# A try at 127 film.



## Grandpa Ron (Apr 3, 2020)

My favorite camera is a Yashica 44 LM Twin Lens Reflects from my high school days. I shot roll after roll of B&W and color slides with it. Now the 127 format film is a specialty film and rather costly. The internet shows methods and devices for cutting 120 film to the 127 film width. It was a start.

Though there were no camera mods, the film modifications can be challenging, because they must be done in complete darkness or in a changing bag. You will need two 127 spools.  Here is a very brief description of the process.

Cut the 120 film width to fit the 127 spools (about 46mm). I used a cigar cutter.


Cut the take up end of the paper backing to reach from the feed roll over the film plain to the take up reel. This is measured from the start of the film.


Wind the cut 120 film onto the 127 spool, trim the backing paper the distance from the film plain to the feed roll. Then rewind the film onto the second spool keeping the film and paper tight, so you do not get a buckle in the paper backing.   
The Arista EDU film had 12 numbers close enough to be partially read in the red viewing window. However, my camera has automatic indexing so once the film was loaded, I did not need to read the film numbers.  The number spacing was 2 ½ inches so in theory I could have gotten and extra photo but the auto counter would not allow that.

Here a few of the results. As you can tell, with only a 2"x 2" format, the scan lines begin to show. The project was definitely a trip down memory lane.    

My old reliable showing a few "normal wear" marks.

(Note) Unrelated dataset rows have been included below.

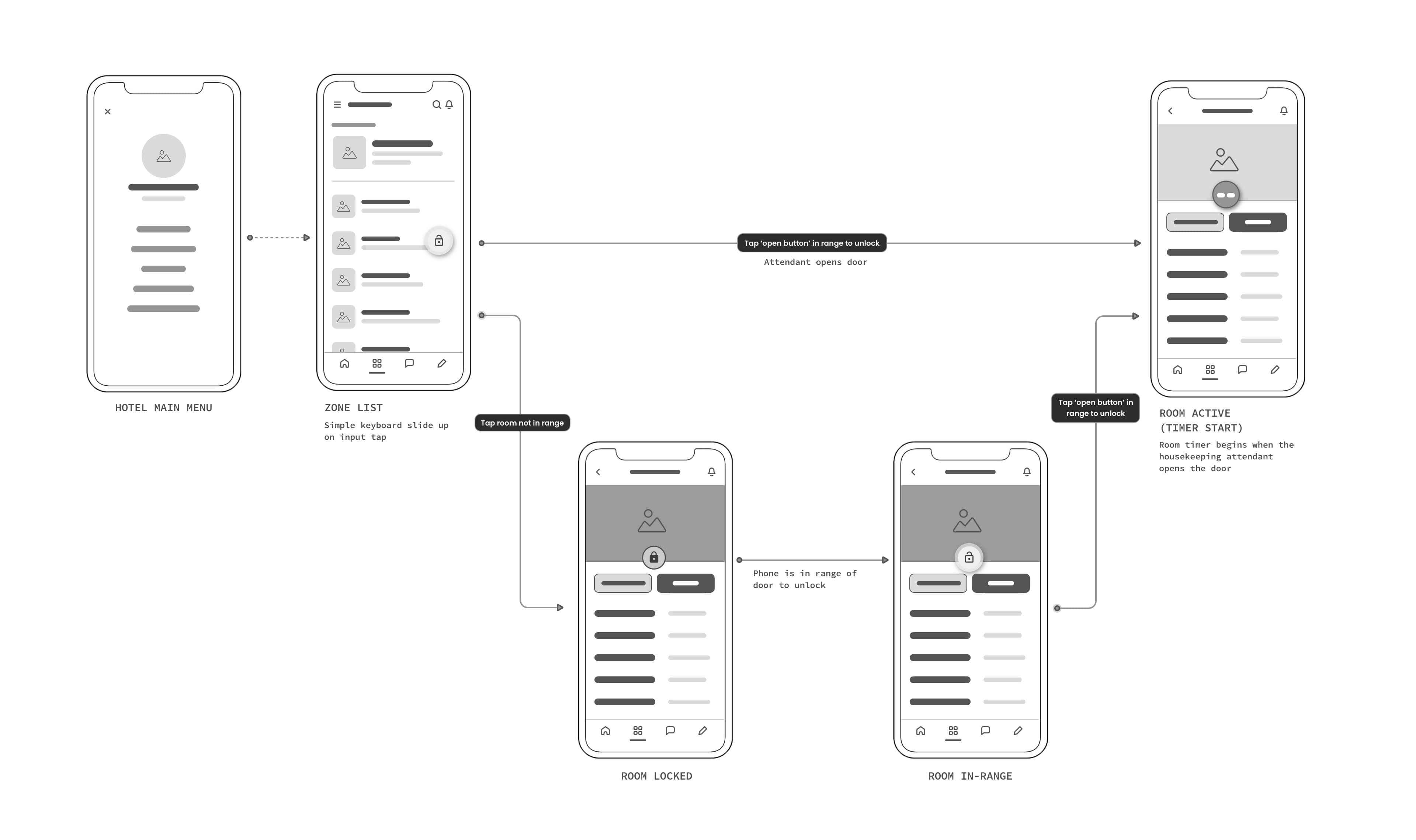 While developing the wireframes, I thought of a feature that could solve the digital key business requirement, as well as some user pain points. By pairing the door unlock feature with a timer, the housekeeping attendants have immediate insights into how long they have spent cleaning any given room. Based on the size of the room and level of cleaning required, they are able to see how much time is usually spent cleaning any given room. Housekeeping managers can also reference this metric in a number of ways to get better insights into day-to-day operations.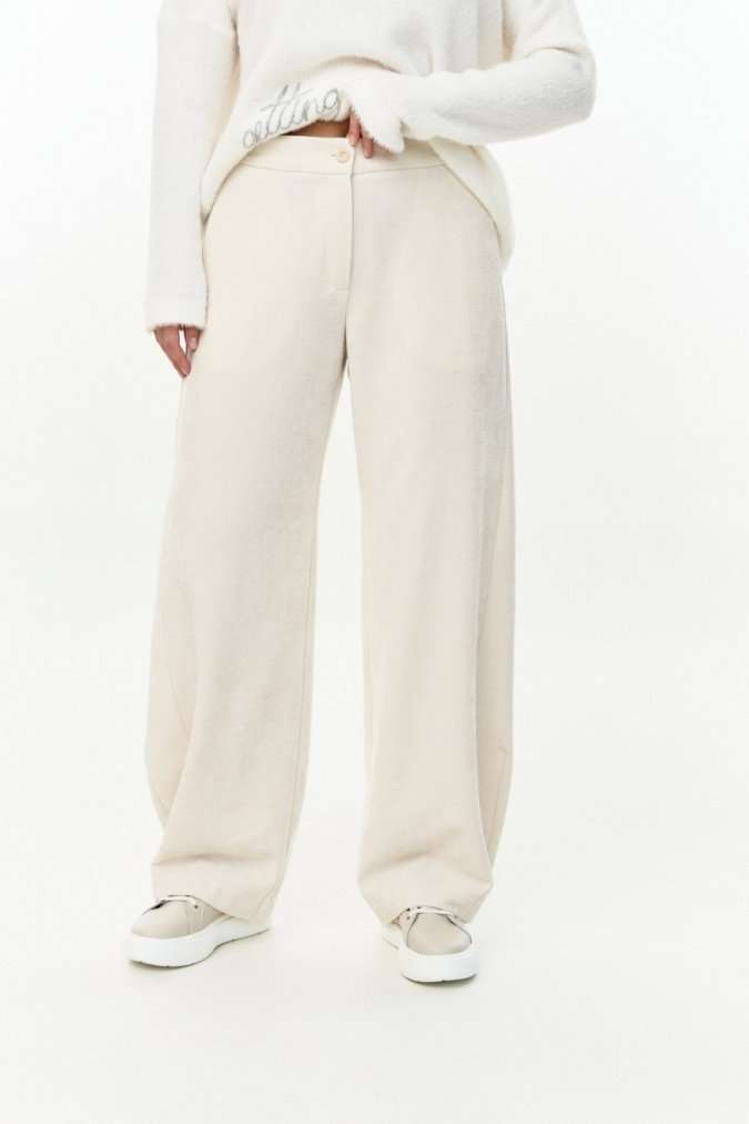 Брюки из эффектного бархата суперактуальной формы \"подковы\": прямые, свободные по ноге и зауженные к низу. Застежка на молнию, пояс с резинкой по спинке. Спереди боковые карманы в швах, сзади - в шве притачивания кокеток.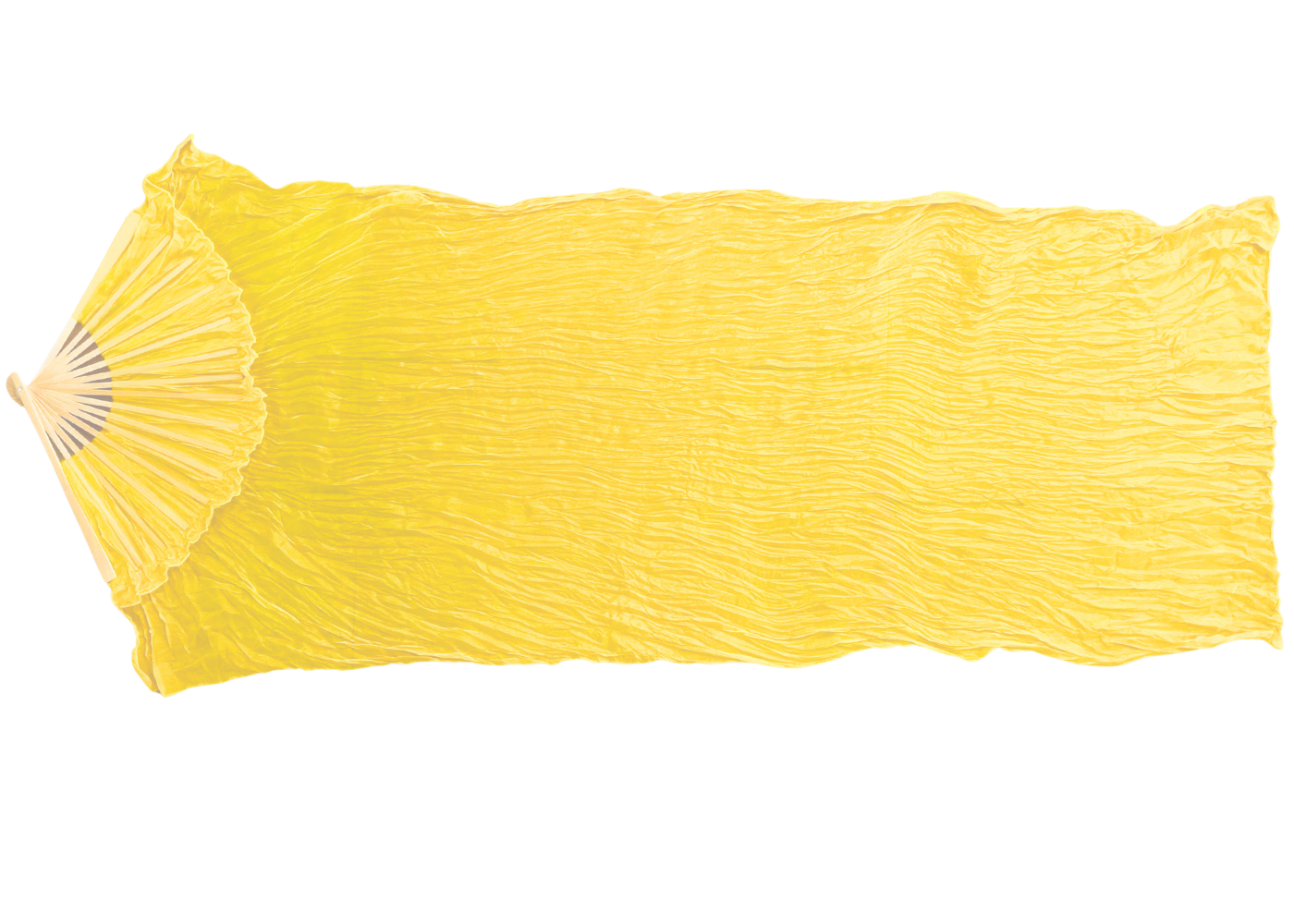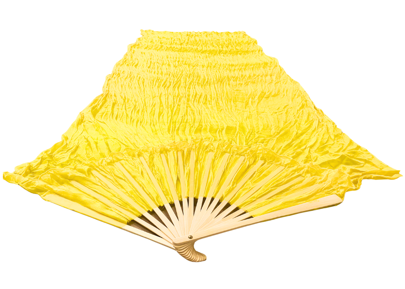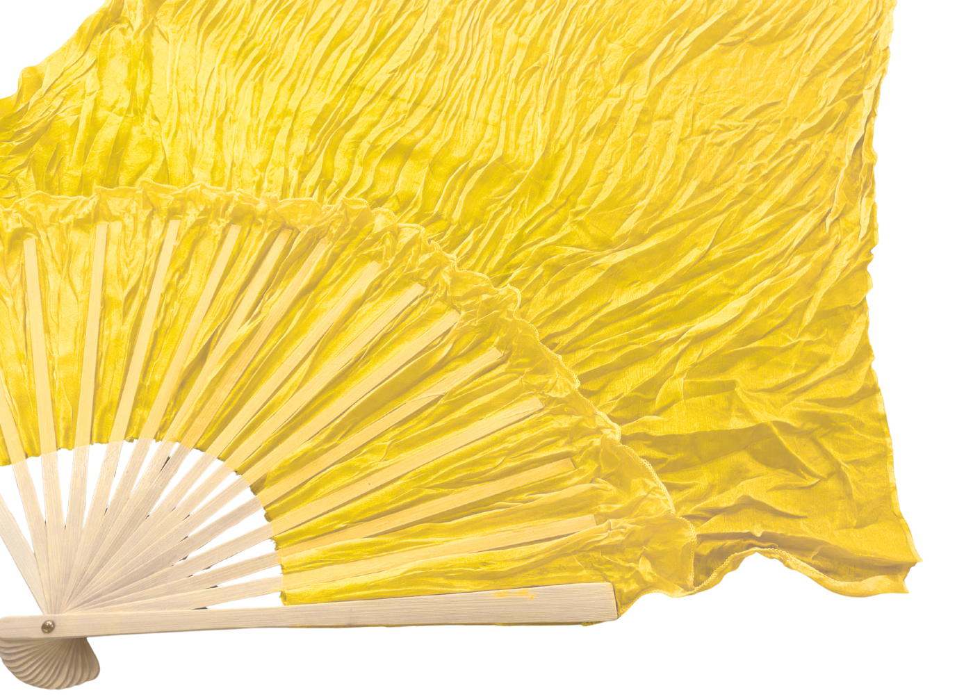 Viftevimplen er fremstillet af 170 x 80 cm let og smidigt silkestof, monteret på en 55 cm bred vifte lavet af bambustræ.
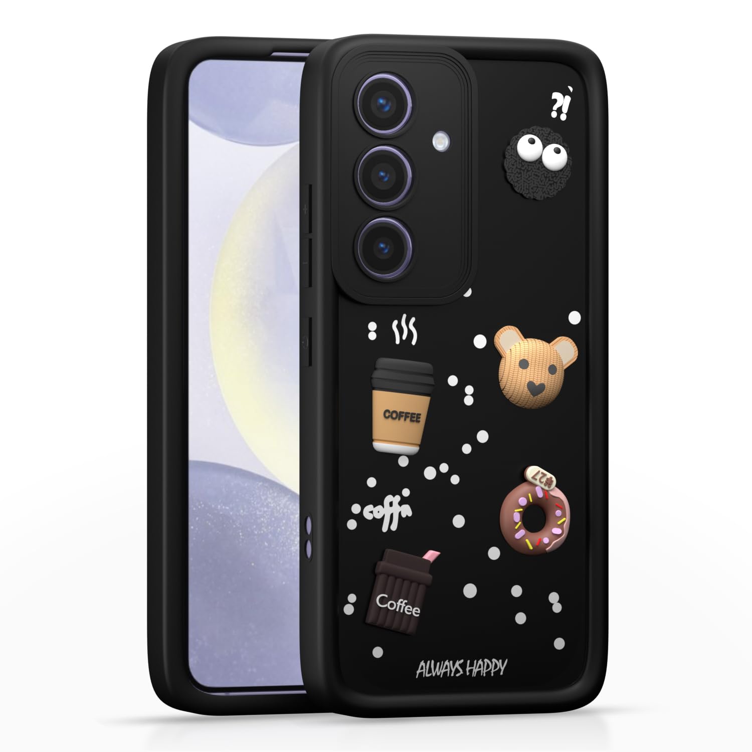 Amazon Basics Back Cover for Samsung Galaxy S24 5G | Cute Fun Cartoon 3D Bear Silicone Full Body Protection Bumper Cover (Black)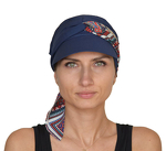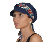 Wersja modelu turbanu Sara. Posiada w przedniej części usztywniany daszek. Idealny na słoneczne dni. Chroni twarz przed promieniami słonecznymi. Dostępny w wielu wersjach kolorystycznych.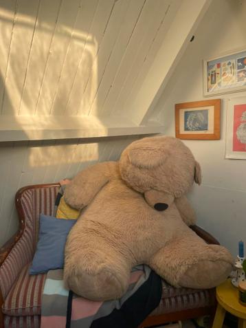 Deze enorme beer zoekt een thuis! His fur is a bit discolored and he’s quite heavy, but still very comfortable and possible to carry. Length is about 70cm. Let me know if you have any questions or wan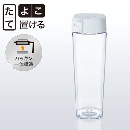 冷蔵庫内の棚に横置きする場合は、注ぎ口周囲に残った液体を注ぎきり、ふたや中栓をしっかり閉め、ロックがされていることを確認してください。ふた部が閉め切れていない状態やロックがされていない状態ですと、水漏れしますので、十分注意してください。
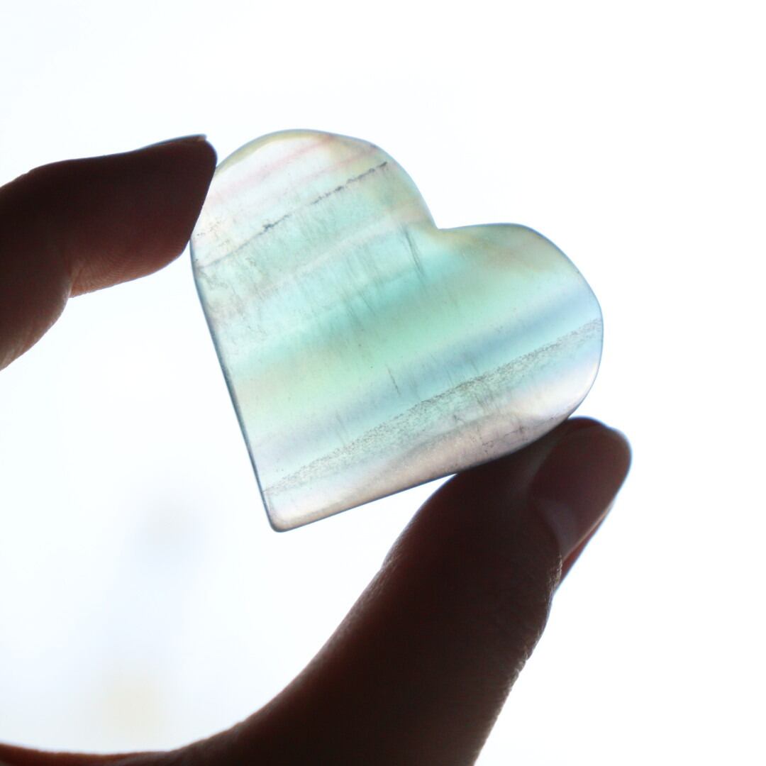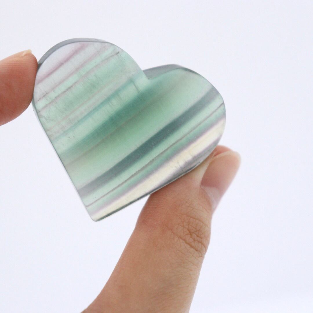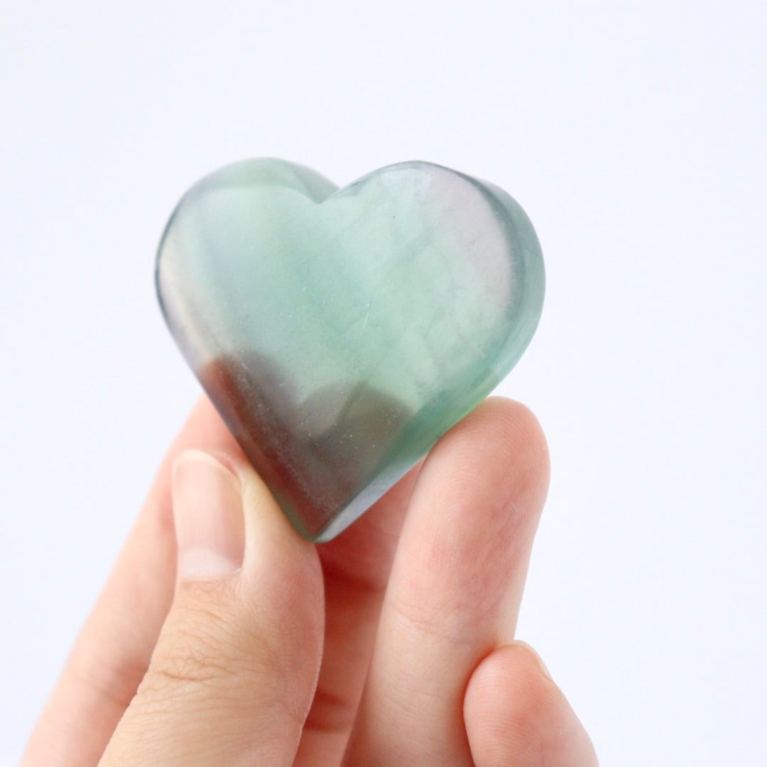 つい触りたくなるような不思議な可愛らしさのグリーンフローライトのハートです。

An old Privy.                                                    Flood plane and pond.
 

Max, my constant companion.                     The kids TPed the neighbors house.
                                                                     A fitting shot for a 60's vintage camera.
  

These are "as shot" and the negatives scanned. Post Processing will be with photo paper after I set up a dark room.


----------



## webestang64 (Apr 3, 2020)

Looks like fun. 

Reminds me of my 126 film shoot.....     Hmmmmm.....126


----------



## smithdan (Apr 15, 2020)

Thanks for this informative post.  Just finished feeding some 35mm to a Pony 828, Ansco Lancer (Bilora Bella 44) is awaiting this treatment.


----------